Войдя в сей кабинет, царь снял с себя шубу, повесил ее на гвоздь, прибитый в углу, и передвинул от стены к столу деревянный стул с резною высокою спинкой с подушкою из черной кожи. Сев перед столом, подозвал он к себе Марию, которая свою теплую епанчу положила на пол в прихожей, ибо денщик сел на скамейку, там стоявшую, и на ней для епанчи нисколько не осталось места. Ласково расспросив Марию об ее деле, царь продолжал:
— Я вижу, что отец твой верил алхимии и занимался ею. Винить его за это нельзя, ибо в Швеции, как мне известно, до сих пор многие занимаются этою наукою. Они нисколько не хотят обманывать других, а сами себя обманывают. Было время, что в самых просвещенных государствах умнейшие люди ревностно трудились над алхимическими опытами. Итак, будь спокойна. За то, что отец твой заблуждался, ты отвечать не будешь. Но скажи, почему замешался в это дело Никитин?
Этот вопрос привел Марию в сильное смущение. Потупив прекрасные глаза, она перебирала рукою свой тафтяный передник и не говорила ни слова. Щеки ее, раскрасневшиеся от мороза и едва успевшие во время разговора с царем принять их обыкновенный цвет, снова раскраснелись пуще прежнего, а так как философы утверждают, что одно и то же действие производится одною и тою же причиною, то должно согласиться, что мороз и стыд — одно и то же. Посему, отброся все старые определения стыда, следует его признать внутренним морозом, умеряющим жар любви и других сильных страстей.
— Что ж ты ничего не отвечаешь? — сказал царь, пристально посмотрев на Марию.
— Ваше величество! Он... жених мой! — отвечала девушка таким голосом, как будто бы просила помилования в важном преступлении.
— Жених? Вот что! — продолжал монарх, улыбнувшись. — Поздравляю тебя! Ай да Никитин! Недаром он живописи учился. В картинах и не в картинах умеет оценить красоту. Ступай теперь с Богом домой и, повторяю, будь спокойна. Я поговорю с Девиером о твоем деле и просьбы твоей не забуду.
Мария удалилась, а царь, вынув из кармана книжку, написал: О девице[372]. Петр Великий всегда носил с собою небольшую книжку и записывал в ней дела, обращавшие на себя особенное его внимание, или означал краткими намеками предначертания, представлявшиеся ему при беспрерывных думах о благе подданных.
Прошло несколько дней. Никитин не возвращался из острога. С каждым часом усиливалось беспокойство Марии и старика Воробьева.
— Его царское величество забыл твою просьбу, Машенька! — говорил последний со вздохом. — Не одно наше дело у него на уме: всего ему, отцу нашему, не упомнить! Или не наговорили ль ему лиходеи на нас невесть что! Погубят нас, бессовестные!
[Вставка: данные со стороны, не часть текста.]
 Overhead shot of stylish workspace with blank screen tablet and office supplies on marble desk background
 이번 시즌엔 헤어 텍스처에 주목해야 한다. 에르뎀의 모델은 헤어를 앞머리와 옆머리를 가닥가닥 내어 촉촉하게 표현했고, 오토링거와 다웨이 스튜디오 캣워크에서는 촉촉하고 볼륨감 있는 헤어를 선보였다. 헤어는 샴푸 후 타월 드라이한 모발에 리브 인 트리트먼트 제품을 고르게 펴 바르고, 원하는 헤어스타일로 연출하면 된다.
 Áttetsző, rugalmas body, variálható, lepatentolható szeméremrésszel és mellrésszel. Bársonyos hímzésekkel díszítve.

— Не беспокойся, любезный батюшка! Невинным нечего бояться! — возразила Мария, хотя внутренне еще более своего воспитателя опасалась хитрого старосты.
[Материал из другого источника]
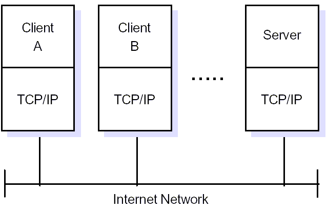 Exista aplicatii alcatuite atat dintr-o parte client cat si dintr-o parte server, care pot rula pe acelasi sistem sau pe sisteme diferite. Utilizatorii invoca partea client a aplicatiei, care efectueaza o cerere referitoare la un serviciu pe care o trimite partii de server a aplicatiei folosind protocolul TCP/IP pe post de vehicul de transport.

— Быть худу! Сердце мое чувствует! — продолжал старик. — За себя-то я не боюсь, за тебя мне страшно, Машенька! Если староста подал начальству доношение, которое он мне читал, — тебя засудят! Как оправдаешься? Два свидетеля готовы присягнуть. Павел Павлыч, конечно, станет говорить, что напугал дураков-то он и ящик тебе достал, да ему не поверят. Скажут, что из любви он тебя защищает. Притом его и самого обвиняют в чернокнижестве. Беда, со всех сторон беда! Ох, этот ящик твой! Недаром мне всегда на него глядеть было страшно! Я бы никак, если бы знать да ведать... о чем бишь я заговорил?.. Чу! Кто-то подъехал к крыльцу. Взгляни-ка в окно. Ох мои батюшки!
Мария не успела еще отдернуть тафтяную занавеску, висевшую на окне, когда Девиер вошел в комнату.
— Ты ли купец Воробьев? — спросил он.
— Точно так, батюшка! — отвечал старик, низко поклонясь.
— А эта девушка, верно, твоя воспитанница?
— Точно так, батюшка! — повторил Воробьев дрожащим голосом.
Девиер, посмотрев пристально на Марию, вынул из кармана ящик ее и поставил на стол. Молчание и суровый вид генерал-полицеймейстера смутили девушку. Она переменилась в лице.
— Мне некого послать за старостою. Я приехал сюда один, — продолжал Девиер, обратясь к Воробьеву. — Он недалеко живет отсюда. Пошли кого-нибудь за ним и вели сказать, чтоб он пришел сюда.